One promising direction comes from a method called Reinforcement Learning on Pre-Training data, or RLPT. Instead of relying only on supervised learning, RLPT applies reinforcement learning directly to the raw text data models that are already trained on.

How Does Reinforcement Learning on Pre-Training Data Work

RLPT works by having the language model predict the next segment of text (like a full sentence or a reasoning step) based on the context that comes before it. This is different from standard next-token prediction, which only looks one word ahead.

By predicting larger chunks of text, the model is encouraged to build more coherent and meaningful thought processes. The training uses two types of tasks: one where the model predicts the next sentence given only the prior context, and another where it fills in a missing middle segment using both preceding and following text. These are called Autoregressive Segment Reasoning and Middle Segment Reasoning, respectively.

To guide learning, a generative reward model checks whether the predicted segment matches the meaning of the actual text that follows, even if the wording isn’t identical. This reward signal helps the model explore different reasoning paths while staying semantically accurate.

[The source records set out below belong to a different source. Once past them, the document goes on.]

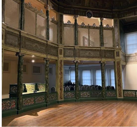
Şekil 2. Semahane ve mahfiller (Arapođlu, 2023)
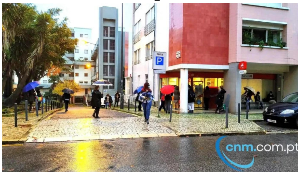
Loja ctt tudo
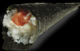
139. Temaki philadelphia 4.00€ salmone, philadelphia, avocado, sesamo Allergeni: 4,7,11
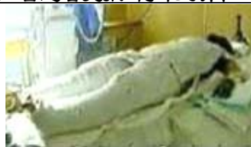
央视《焦点访谈》录像中的“自焚者”被包裹十分严密

现在，法轮大法的光辉已洒遍全世界八十多个国家。截止二零零八年三月，获得海外各国政府及各界的褒奖与支持议案信函有 2945 项。法轮大法主要著作《转法轮》等被翻译成 30 种语言并在世界各地出版发行；还有更多语种的翻译正在进行过程之中；李洪志先生从二零零零年起连
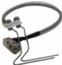
Детектор вспышки ТВО-ЛАБ-11/12
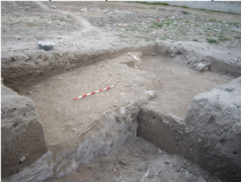
Lámina 2: Planta Final del corte 14.

En la zona Sur del sondeo aparece una fosa de época contemporánea que ha sido rellenada con escombros, pudiéndose detectar parte de las baldosas de terrazo que formaban el pavimento del patio como relleno de la zanja.
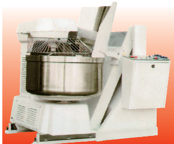
Dough Capacity: 300kg
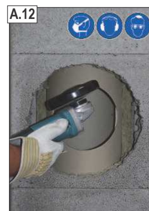
Kampiniu šlifuoekliu nugludinti angos kraštus.
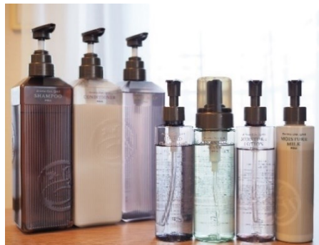
充実のアメニティ
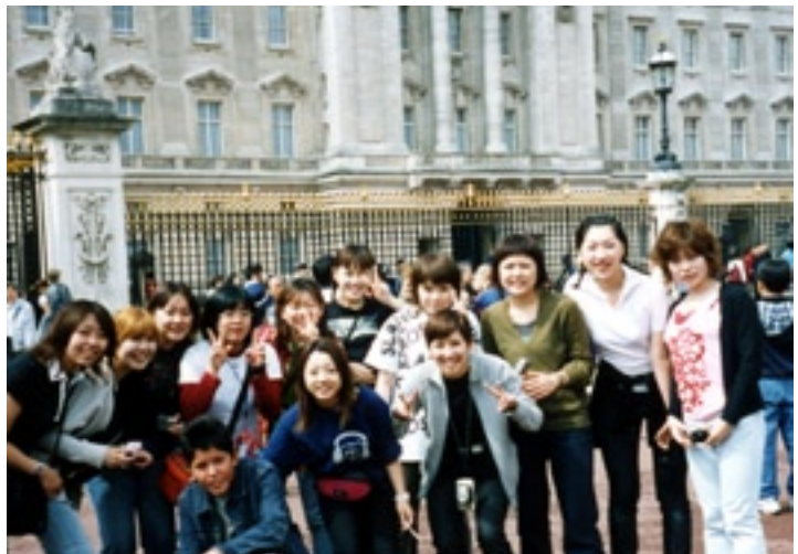
バッキンガム宮殿の前で

★ロンドンでの生活★ ロンドンでは学校の寮のようなところに泊まりました。主に観光中心で、国会議事堂やロンドン・アイなど、各名所をガイドさんの解説付きでまわりました。自由行動では、各自ショッピングなどを楽しみ、最後の夜には、皆で『ライオン・キング』や『マイフェアレディ』などの演劇を鑑賞しました。私のロンドンでの一番の思い出は、体を張ってのぼったセント・ポール寺院からロンドンを一望したことです。おすすめスポットです。
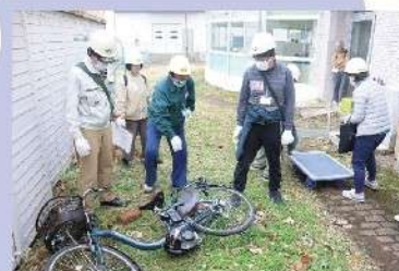
災害ボランティア訓練の様子

2,932千円 47.1% 災害時ボランティアの養成・生活困窮者への食料支援・ボランティア団体への助成など

By alternating between the two task types during training, RLPT balances the model’s ability to generate text step-by-step and to understand broader contextual relationships, which improves generalization.

Evaluation and benchmark performance of RLPT

RLPT was tested on both general knowledge benchmarks like MMLU and MMLU-Pro, and on mathematical reasoning tests such as AIME and MATH-500. Across different model sizes, including Qwen3-4B and Llama3.2-3B, RLPT produced consistent gains. For example, on Qwen3-4B, it improved MMLU accuracy by 3.0 points and MMLU-Pro by 5.1 points. In mathematical reasoning, Pass@1 scores on AIME24 and AIME25 rose by 6.6 and 5.3 points respectively.

Additionally, when used as a foundation for reinforcement learning with verifiable rewards (RLVR), RLPT provided an extra boost, improving both exploitation and exploration in mathematical problem-solving.